Regulation of the Hypoxia-Inducible Factor (HIF) by Pro-Inflammatory Cytokines

Round 1

Reviewer 1 Report

The paper by Malkov et al. “Regulation of the hypoxia-inducible factor (HIF) by pro-inflammatory cytokines” the authors give an interesting overview of the recent literature of the impact of inflammatory stimuli on HIF pathway with a focus on the two major pro-inflammatory cytokines TNF-α and IL-1β.

 

In the last years several studies dealing with the hypoxia as a modulator of immune responses were published and HIF as a potential therapeutic target for treatment of inflammatory disorders is described. The authors placed, as already mentioned, a special focus on TNF-α and IL-1β without addressing the origin of these cytokines in detail.

 

All in all, the review is well written and gives an overview of the IL1-β and TNF-α induced HIF activity in vitro, but leaving open the question if the cytokines boost the HIF activity or if HIF is responsible for the cytokine secretion during inflammation. This question can probably not be answered until now.

 

Just a few comments where the manuscript could be changed:

The authors mention 3 HIFa subunits but only HIF1a and HIF2a are discussed further. Are there any results for HIF3a in inflammatory diseases?

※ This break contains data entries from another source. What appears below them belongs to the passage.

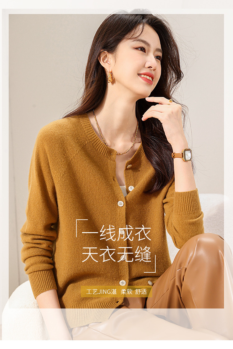 商品名称:【无缝100%羊毛】纯色基础款全羊毛衫春季针织开衫毛衣外套 491667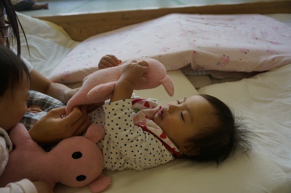 保育園中の子どもたち(赤ちゃんからもうすぐ小学生という子どもたちまで)みんなが自分たちの“赤ちゃん”として本当に大事にしています。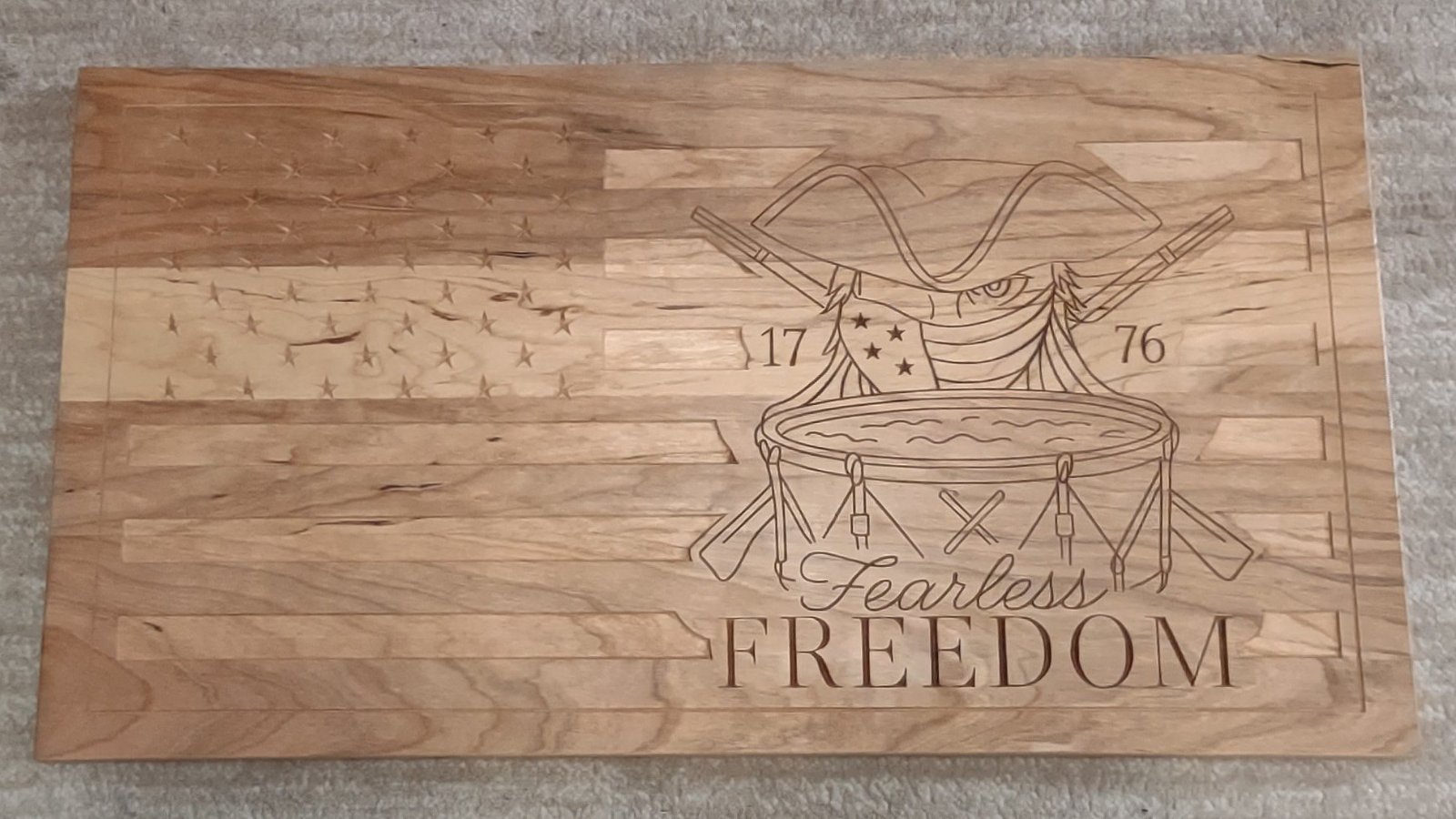 The flag was done on my CNC, the wood is Cherry with a spray lacquer finish. The image on the plaque was part of the art work from their poster.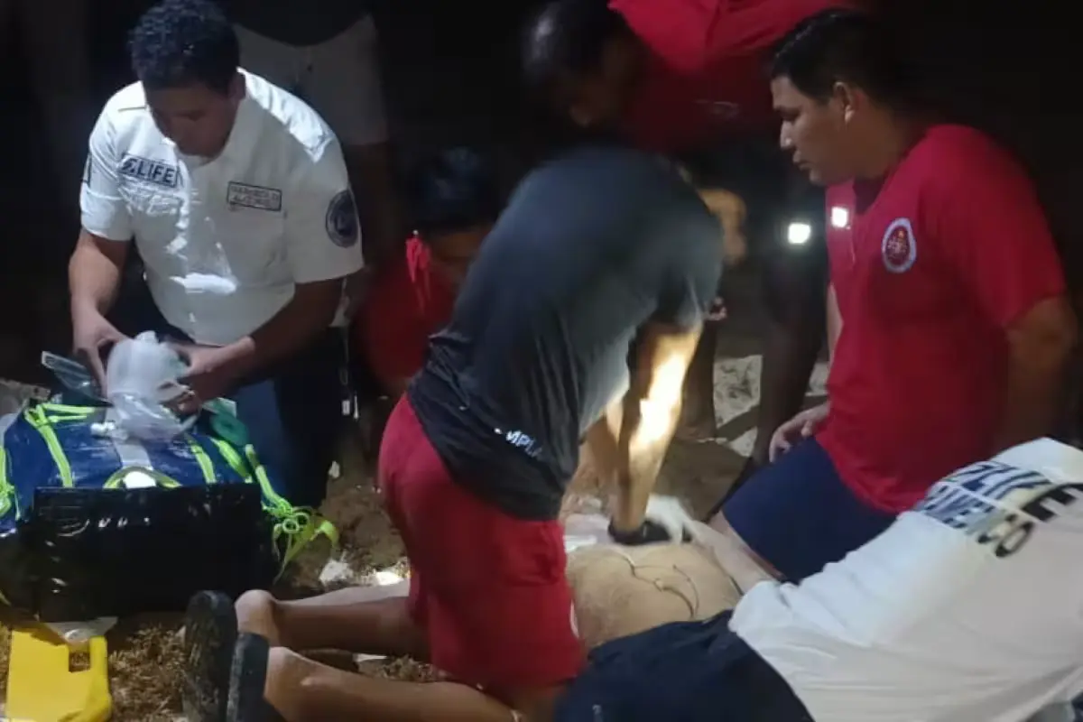Three lifeguards from the hotel zone fire station arrived to find a young man, approximately 21 years old, unconscious and without vital signs after being pulled from the water.

Figure 3 summarizes the effects of TNF-α and IL-1β on HIF1. The authors also describe an effect of this two cytokines on HIF regulating proteins (pVHL, PHD2) and HIF target genes. Maybe these can also be included into figure 3.

The authors state, that pharmalogic hydroxylase inhibition by AKB-4924 is examined in IBD patients. Reference 118 states that with the help of healthy male volunteers (and not IBD patients as written in the text) the safety and tolerability is tested. Results of further studies are published (doi.org/10.1093/ibd/zaa010.023) and should be mentioned.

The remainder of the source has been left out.